• _Entries shown_
---------------

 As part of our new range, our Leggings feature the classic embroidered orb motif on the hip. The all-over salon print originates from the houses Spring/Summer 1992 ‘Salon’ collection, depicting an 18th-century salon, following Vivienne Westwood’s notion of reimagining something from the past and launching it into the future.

---------------

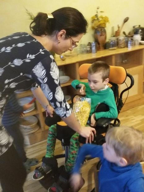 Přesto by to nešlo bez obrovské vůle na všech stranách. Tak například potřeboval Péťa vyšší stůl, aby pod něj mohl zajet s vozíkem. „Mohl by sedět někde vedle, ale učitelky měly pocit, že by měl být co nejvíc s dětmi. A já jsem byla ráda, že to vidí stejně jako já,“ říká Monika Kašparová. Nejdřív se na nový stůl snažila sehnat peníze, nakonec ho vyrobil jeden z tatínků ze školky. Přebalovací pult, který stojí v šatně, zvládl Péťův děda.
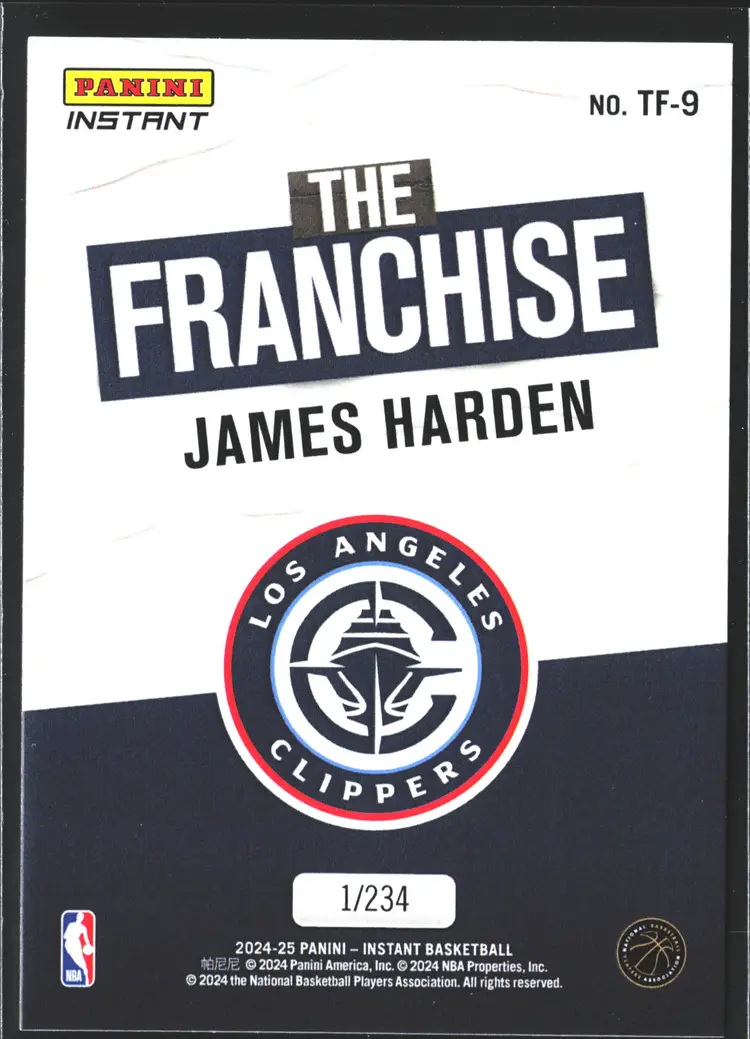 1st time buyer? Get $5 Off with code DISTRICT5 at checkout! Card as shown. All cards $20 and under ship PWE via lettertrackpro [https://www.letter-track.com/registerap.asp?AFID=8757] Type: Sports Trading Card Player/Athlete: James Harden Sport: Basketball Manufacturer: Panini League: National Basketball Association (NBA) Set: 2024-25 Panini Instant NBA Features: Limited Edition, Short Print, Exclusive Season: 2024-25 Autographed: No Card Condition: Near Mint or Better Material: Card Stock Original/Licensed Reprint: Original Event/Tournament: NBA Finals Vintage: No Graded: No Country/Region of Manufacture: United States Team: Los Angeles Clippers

---------------

• _Required action_
Leave the pictures out. Output, exactly, the lines of the material above starting at the line containing "Přesto by to" and ending at the line containing "1st time buyer?".

• _Written response_
 Přesto by to nešlo bez obrovské vůle na všech stranách. Tak například potřeboval Péťa vyšší stůl, aby pod něj mohl zajet s vozíkem. „Mohl by sedět někde vedle, ale učitelky měly pocit, že by měl být co nejvíc s dětmi. A já jsem byla ráda, že to vidí stejně jako já,“ říká Monika Kašparová. Nejdřív se na nový stůl snažila sehnat peníze, nakonec ho vyrobil jeden z tatínků ze školky. Přebalovací pult, který stojí v šatně, zvládl Péťův děda.
 1st time buyer? Get $5 Off with code DISTRICT5 at checkout! Card as shown. All cards $20 and under ship PWE via lettertrackpro [https://www.letter-track.com/registerap.asp?AFID=8757] Type: Sports Trading Card Player/Athlete: James Harden Sport: Basketball Manufacturer: Panini League: National Basketball Association (NBA) Set: 2024-25 Panini Instant NBA Features: Limited Edition, Short Print, Exclusive Season: 2024-25 Autographed: No Card Condition: Near Mint or Better Material: Card Stock Original/Licensed Reprint: Original Event/Tournament: NBA Finals Vintage: No Graded: No Country/Region of Manufacture: United States Team: Los Angeles Clippers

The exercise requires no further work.